The LHC quench protection system

The new quench protection system (QPS) has the crucial roles of providing an early warning for any part of the superconducting coils and busbars that develop high resistance, as well as triggering the switch-off of the machine. Over 2000 new detectors will be installed around the LHC to make sure every busbar segment between magnets is monitored and protected.

One of the major consolidation activities for the LHC is the addition of two new detectors to the quench protection system. A magnet quench occurs when part of the superconducting cable becomes normally-conducting. When the protection system detects an increased resistance the huge amount of energy stored in the magnet chains is safely extracted and ‘dumped’ into specially designed resistors. In the case of the main dipole chain, the stored energy in a single LHC sector is roughly the same as the kinetic energy of a passenger jet at cruising speed.

The first new detector is designed to monitor the superconducting busbars, including the joints between segments – the part that caused the incident in Sector 3-4 last September. The new system can measure the busbar resistance to about 1 nano-ohm (one billionth of an ohm) and will provide an early warning for any joint that develops high resistance.

"With this detector in place, we would have caught the ‘bad joint’ in Sector 3-4 two days earlier – safely in time to prevent any damage", explains Knud Dahlerup-Petersen from the Quench Protection team. In total, 2132 of these detectors will be installed around the machine, so that every busbar segment between the magnets will be monitored.

The second new detector protects against ‘symmetric quenches’. It was originally planned to add this second phase of the protection system during the first winter shutdown period. In February this year, however, it was decided that the system should be in place before the LHC restart. "So it has been a real effort to catch up, but our group (TE/MPE) had a lot of help from other groups, mainly TE/EPC and other departments, in particular PH and EN, and we’re now fairly confident that the whole system will be ready in time", says Petersen.

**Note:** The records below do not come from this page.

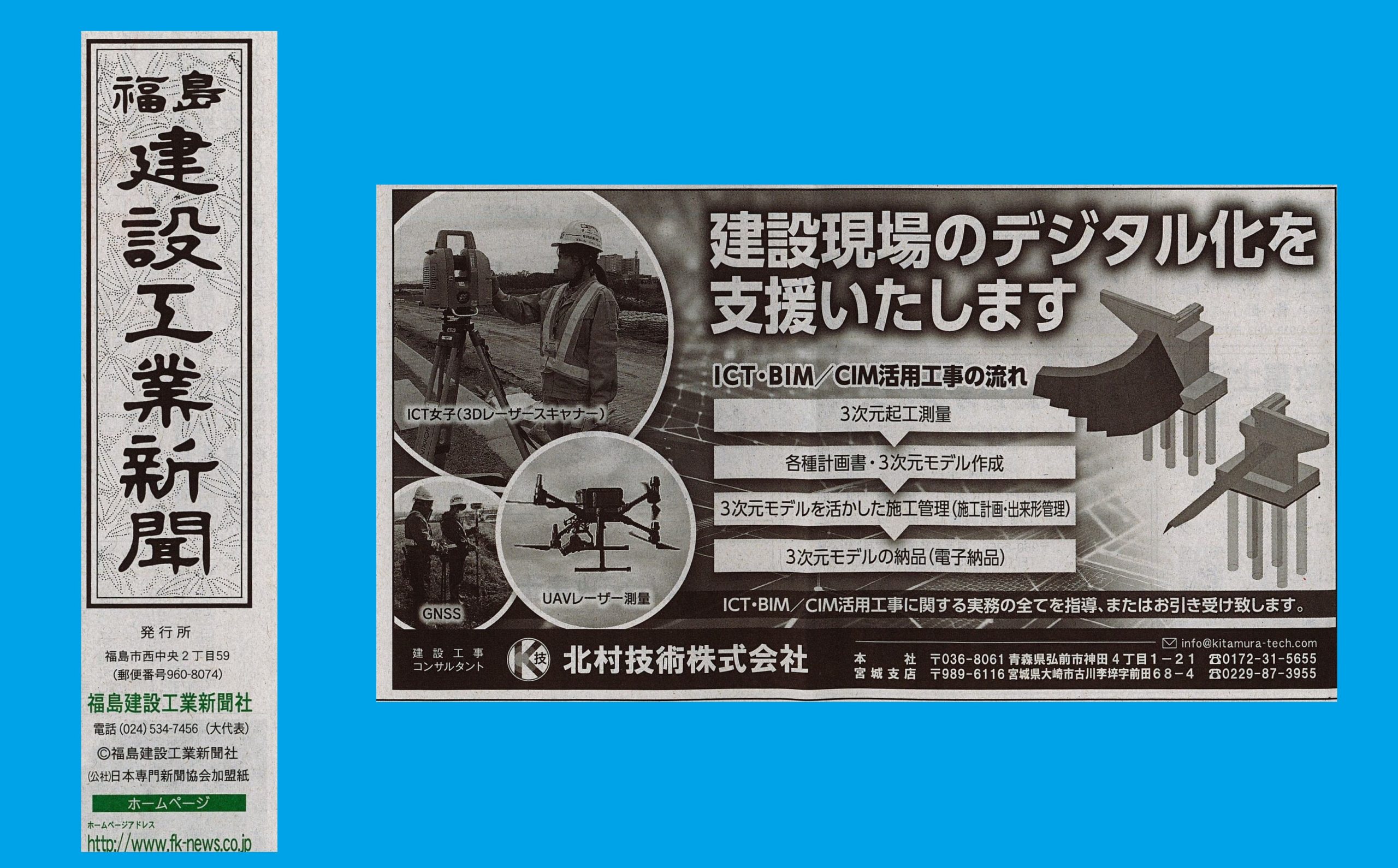 福島建設工業新聞様、掲載ありがとうございます!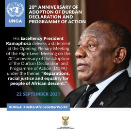 Addressing the 20th anniversary of the adoption of the Durban Declaration and Programme of Action (DDPA), President Cyril Ramaphosa said millions of the descendants of Africans who were sold into slavery remain trapped in lives of underdevelopment, disadvantage, discrimination and poverty.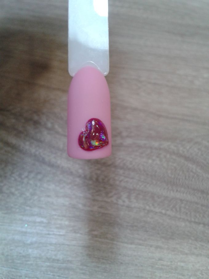 2. Бордовим гель-лаком малюємо сердечко. Якщо колір нещільний, то промальовуємо в кілька шарів, і кожен шар сушимо в лампі. На липкий шар сердечка отпечатываем прозору фольгу. Виходить дуже красивий, грає на світлі ефект.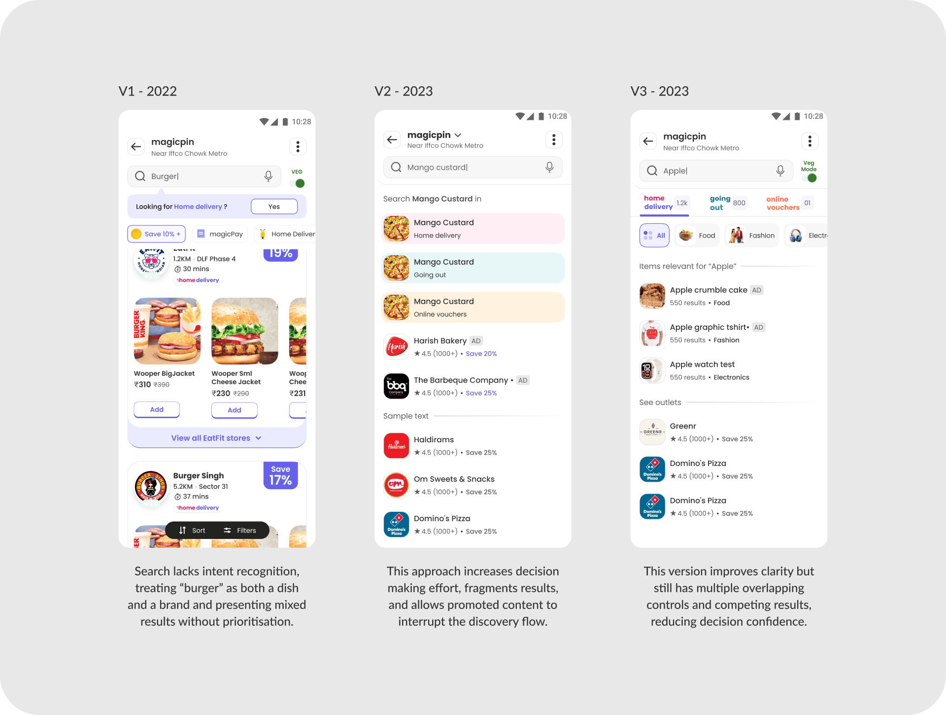 Magicpin is a multi-service ecosystem that serves a diverse set of user needs across food delivery, dining, vouchers, and shopping. Search is a critical entry point, but the existing experience was optimized for known-item queries rather than intent-driven discovery. This case study explores how we redesigned Magicpin’s search experience to prioritize user intent over raw queries, reduce cognitive load, and improve business outcomes through measurable, experiment-driven decisions.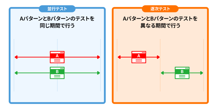 | 逐次テスト AパターンとBパターンのテストを異なる期間で行う | 実施期間がずれるので、少ないトラフィックでも実施しやすい | 外部要因の影響を受けやすく、結果の正確な判断が難しくなる |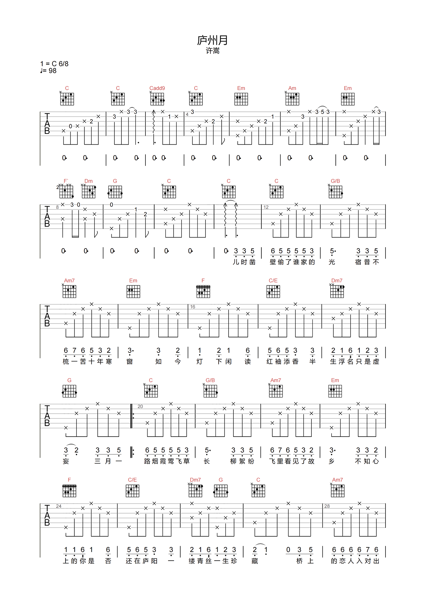 庐州月吉他谱 - 许嵩 - C调吉他弹唱谱 - 原版

Symmetric quenches were only discovered in June last year during the campaign of training quenches in sector 5-6. When a magnet quenches, a symmetric quench can occasionally occur in the neighbouring magnets. It is caused by the heat transfer between the magnets, but it is particularly difficult to detect as the quench develops identically in both parts of the magnet coils which are used for the quench signal. The existing detection system compares the voltage signals from the two coils to detect a resistive build-up in either one. However if the quench develops in both at the same time, the two voltage signals remain the same, and the quench goes unnoticed.

The new protection system monitors the voltage across 4 adjacent dipoles (or 2 adjacent quadrupoles), allowing a symmetric quench to be detected and also provides a back-up detection method for ‘normal’ (asymmetric) quenches. However, the 4-magnet measuring system is based on digital quench detector technology, as opposed to analogue electronics used in the present QPS system. "It is notoriously difficult to find digital electronics that will not degrade in the high-radiation environment, so we had to choose the components carefully." Says Petersen. "We have now fully radiation-tested the first prototype, and we are basically ready to start mass production of the so-called SymQ detector board."

The thousands of new detector boards will be housed in 436 crates around the LHC. As the complex design lead to a relatively long R&D period there’s now not enough time to tender production out to an external company. Therefore, a production line for assembling of the complete protection units has been set up in a CERN workshop.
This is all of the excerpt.